When firefighters return to Station 9 and surrender their rigs to their recharged colleagues, paramedics check their vitals, often forcing them to sit through examinations, said Lt. Stacy Billapando, paramedic squad leader.
"For some of these guys, this is what they live for," she said. "They all want to get up there because it's their backyard."
To accommodate the famished and enervated crews, the fire department has set up its own smaller-scale fire camp behind the station. It constructed a 900-square-foot tent complete with extra sleeping cots and air-conditioning.
At 11 a.m. Wednesday Halsey was among several who stuffed their pants' pockets with food, waiting anxiously for spare engines and new orders. Others, such as Station 9 engine driver Howie Henderson, were looking for spare cots to collapse on after several all night shifts on the mountain sides.
Apuron and Halsey each grabbed a bag of Skittles -- never mind if the heat melts them.
"I'll eat the package -- I don't care," Apuron said.
In his other pocket Apuron stuffed a hamburger and energy bars as a last resort. He watches his diet closely, and usually carries a cooler of his own food with him, he said. But Tuesday night, as his team worked through what he called the carnage of Mountain Shadows, they pillaged whatever food they could find. That meant shoving down Meals Ready to Eat, or MREs, given to them by a Station 9 brush crew.

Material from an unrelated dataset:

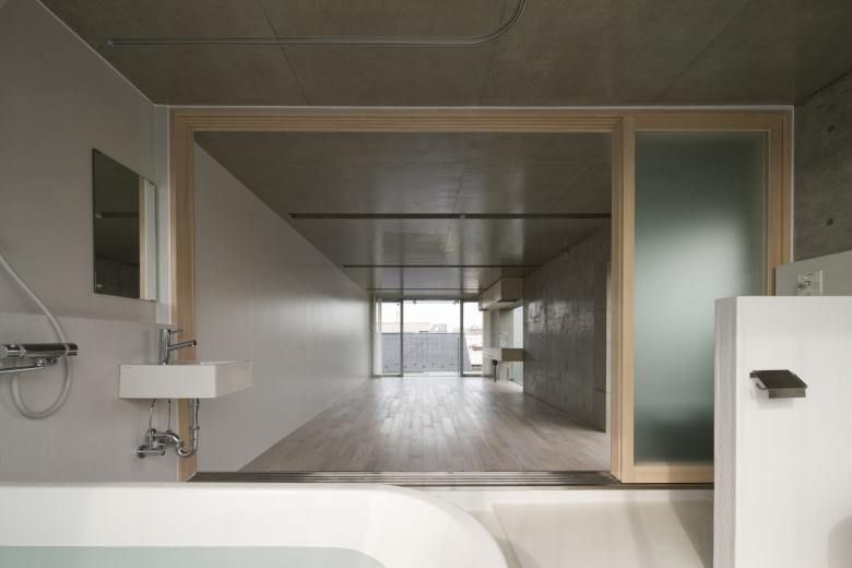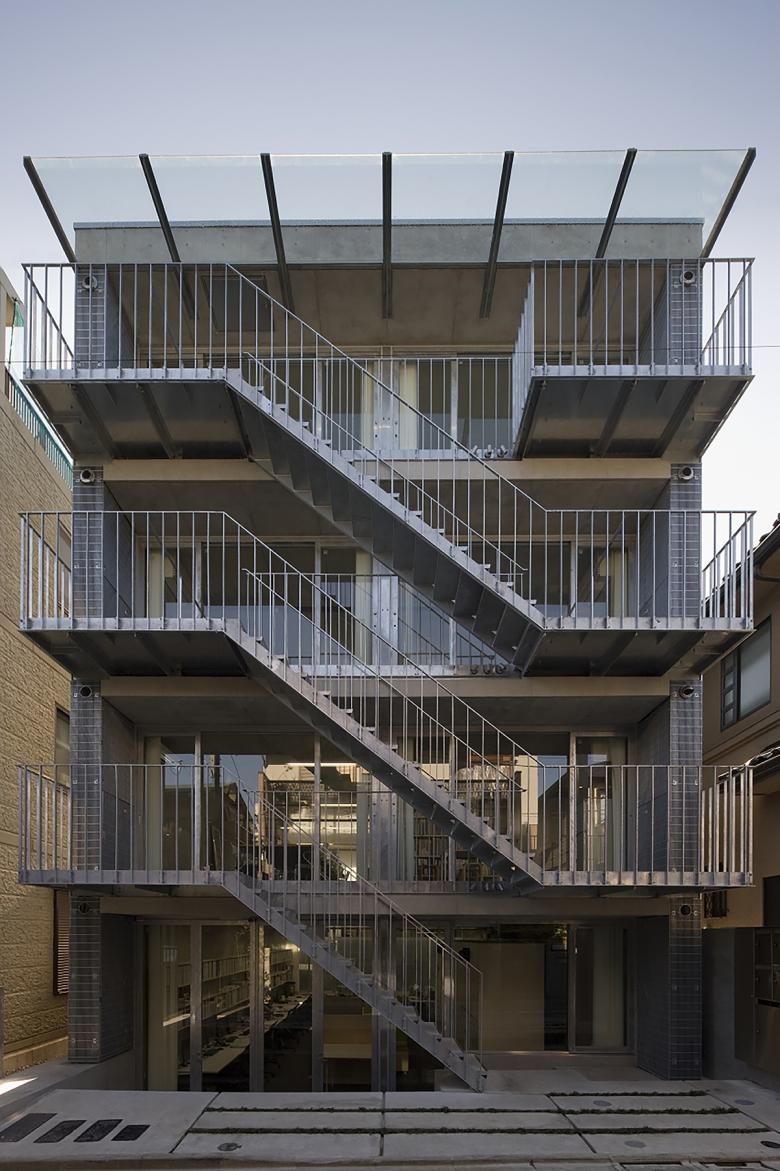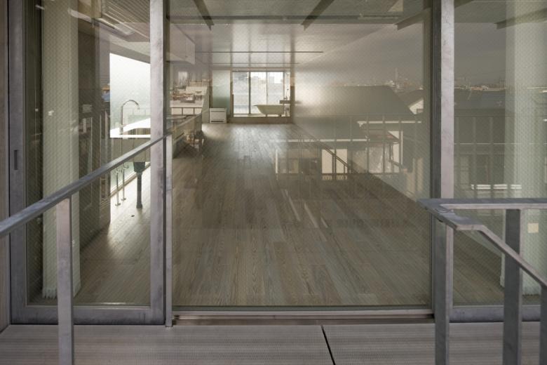 This concrete rigid-frame structure has an H-shaped and external insulation, forming a four-story skeleton-like space. Each floor has a simple plan with an open, terrace-like bathroom at the south end, allowing for a range of uses from residence to office to shop. The north side of each floor includes an open staircase and space that is strongly connected to the street outside. The idea was that the daily life of the people inside the building would enliven the town, and the design would encourage communication between the private and public realms. Our architecture office is located on the first two floors of this building.
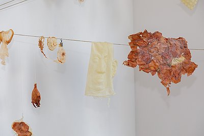 In Magdalena Bergers „Sammelsurium“ treffen Abformungen menschlicher Körperteile auf sorgsam zusammengenähte Zwiebelhäute und Paprika-Innereien; © Mark Sengstbratl

After stuffing their pockets, napping, and restocking their packs, all officers gathered for a quick briefing before the rigs arrived to pick their crews up. They were told to make bathroom stops and stay hydrated.
If they found human remains, they were told not to radio in, instead clearly mark the spot with green tape.
Apuron was told not to expect to come home on Thursday; he was given no return time for the future.
"It's going to be a long week," he said.
Shortly afterward Apuron's crew shouted to get his attention -- a Type 1 engine had arrived, and it was theirs.